Office Hours: An Interview with the Curators of Wild West

Peter Hurd, A Ranch on the Plains, 1954. Tempera on hardboard, 29 3/4 x 47 1/8 in. (75.6 x 119.7 cm). FAMSF, gift of the California Brewing Company, 54.37

Wild West: Plains to the Pacific, now open at the Legion of Honor, includes more than 170 works—from John Raphael Smith’s mezzotint, The Widow of an Indian Chief Watching Over the Arms of her Deceased Husband made in 1789, to photographs of the central valley taken by Matt Black in 2014—to trace an ever-changing sense of America’s frontier. We talked to the exhibition curators, Jim Ganz and Colleen Terry, about what visitors can expect.

This exhibition is made up entirely from works in our own collection. Does that present any special opportunities?

Jim Ganz: This is a chance to see some old favorites from the de Young in completely new contexts at the Legion of Honor, paired with works that they wouldn’t ordinarily be paired with. For example, Albert Bierstadt’s California Spring reflects the long tradition of European landscape painting, and it’s an idealized, bucolic view of the Sacramento Valley. Robert Bechtle’s Four Palm Trees, on view in the same gallery, was painted at Dixon, CA, only about 20 miles from the location depicted in the Bierstadt. 

Bechtle is a photorealist and Four Palm Trees is about the sprawl that happens in California, and the fact that so much of this region is really a desert. There’s nothing natural about the scene, and yet that’s what it really looks like. These are two paintings that never hang near each other—they’ve certainly never been in the same gallery.

Robert Bechtle, Four Palm Trees, 1969. Oil on canvas 45 x 52 in. Museum purchase, American Art Trust Fund.

Albert Bierstadt,California Spring, 1875. Oil on canvas, 54 1/4 x 84 1/4 in. Presented to the City and County of San Francisco by Gordon Blanding.

Are there other examples of tension between idealized and more conflicted views of the West?
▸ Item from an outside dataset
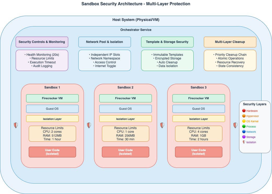 (1) 虚拟化隔离: 如亚马逊云科技开源主导的 Firecracker 微虚拟机技术提供了硬件级别的隔离。每个沙盒运行在独立的虚拟机中,与宿主机和其他沙盒完全隔离,防止代码突破容器边界,实现真正的安全执行环境。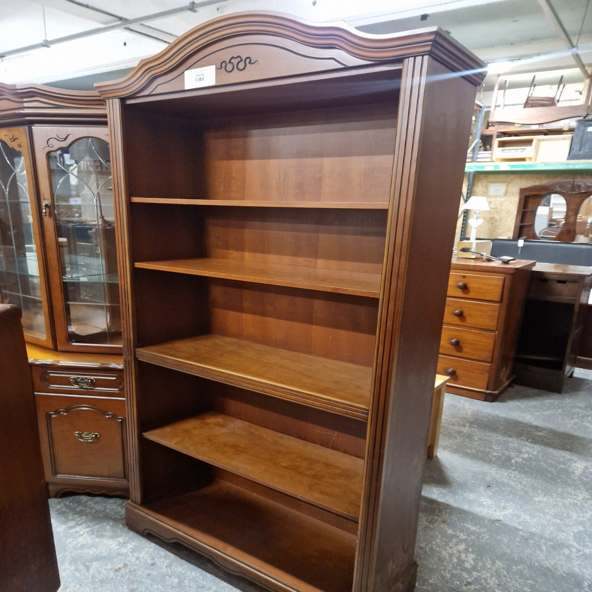 Tall curved top rossmore mahogany bookcase cw shelves Q3223 CJM Furniture

Colleen Terry: In the third gallery of the exhibition we have a section devoted to agricultural practices, including a very large collection of fruit crate labels from the 1920’s and ‘30s, many of them featuring idyllic images of California. They’re a wonderful celebration of the bounty of the West.  But we also have a poster by a San Francisco-based artist named Ester Hernández, who grew up in the foothills of the Sierra Nevada and as a child harvested grapes that were destined for the raisin industry.
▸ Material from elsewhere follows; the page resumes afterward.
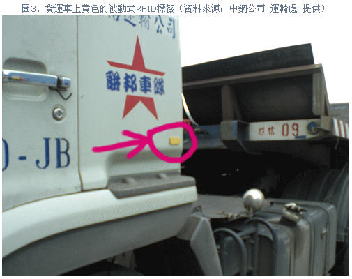 圖3、貨運車上黃色的被動式RFID標簽(資料來源:中鋼公司運輸處提供)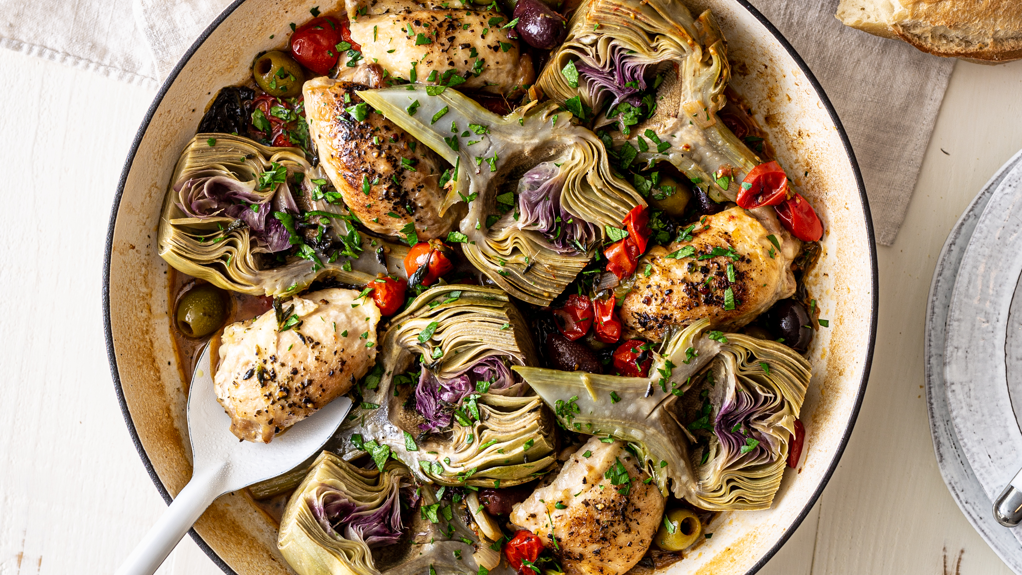 Need a taste of some rustic comfort? These Tuscan Chicken Thighs should do the trick. The boneless bites of boldness bring bounds of beautiful flavor blends! Garlic, herbs, with a little hint of salt, it's truly a tasty trifecta! The earthy artichokes, bursting tomatoes, and tangy olives bring the excitement that your dinnertime needs. So, fully satisfy your craving with these Tuscan Chicken Thighs! They're everything you hoped for and more!

Many years ago, Ester was astounded to see her mother boiling water on a hot day, and it turned out that the water supply around her home had been compromised by high levels of pesticides. So she was inspired to speak out against modern agricultural practices, and specifically about the production of raisins, a food product we believe to be natural and healthy.

Ester Hernandez, Sun Mad, 1982. Color screenprint on paper, 22 x 17 in. Museum purchase, Judge George Henry Cabanis

This is a companion exhibition to Ed Ruscha and the Great American West at the de Young. Are there any explicit connections?

CT: We have five works by Ed Ruscha in this show, including four photographs in a section called “Paving Paradise.” This section is about the development of infrastructure, particularly bridges, roads, and parking lots.  Ruscha photographed vacant lots that were advertised for sale, but they’re no longer recognizable in the way he saw them back in the 1970’s. He’s spoken about this directly in an interview: “Early on, I took notice of vacant lots in the city. Now they all seem to be gone. The good old buildings of L.A. are held hostage by commerce.” Like quite a few of the works in Ed Ruscha and the Great American West, these photographs are partially about commoditization and other dramatic changes that we’ve wrought on this land. 

See Wild West: Plains to the Pacific at the Legion of Honor through September 11, 2016.